The Chi Phat community based ecotourism project is a project of Wildlife Alliance, based in the southwestern Cardamom Mountains of Cambodia. The Chi Phat village is home to about 2,000 people, many of whom are farmers in this protected area. This project is an attempt to integrate both the conservation of this wild area, and the economic development of its people. It is no small task.Though there are ongoing debates about community opinion, fairly shared profits, the right balance of environmental concern, and employment opportunities, this project remains the most impressive integration of conservation and development that I’ve ever seen. Former poachers are turned into wildlife rangers, and the wildlife is turned into a resource. Many local young people are employed as part time guides, and other households earn money by hosting tourists or providing food. This project has won multiple international awards. I was happy to support the project during my 5 days there.

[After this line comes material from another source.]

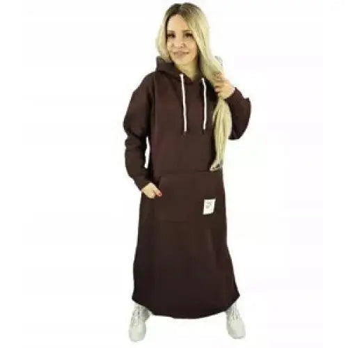 AGATA AGR1045 kommer i fargen brun, med rund hals og lang arm. Denne multifunksjonelle hoodie-kjolen forvandler hverdagsantrekket og gir maksimal komfort.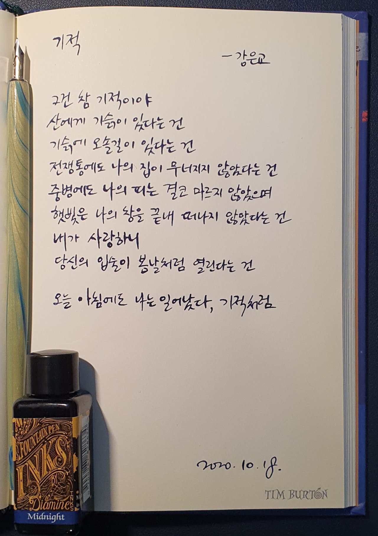 #기적 #강은교 #닙펜 #딥펜 #펜글씨 #손글씨 #매일프로젝트 #이른아침을먹던여름 #thatsummerwithyou #카카오프로젝트100 #낯선대학 #시처럼시필사

In between mountain biking , swimming in the river, and exploring the village, we also visited the Million Tree nursery, a reforestation project funded by Wildlife Alliance. The greenhouses were impressive, housing thousands and thousands of young trees and bushes. The reforestation effort was started in 2010, and it continues to grow every year.
Though these processes may move slowly, they are incredibly important. The Chi Phat project was inspiring and impactful to see. Conservation and development are not wholly mutually exclusive, but they do require careful thought and debate. It is projects like this one that are leading the way.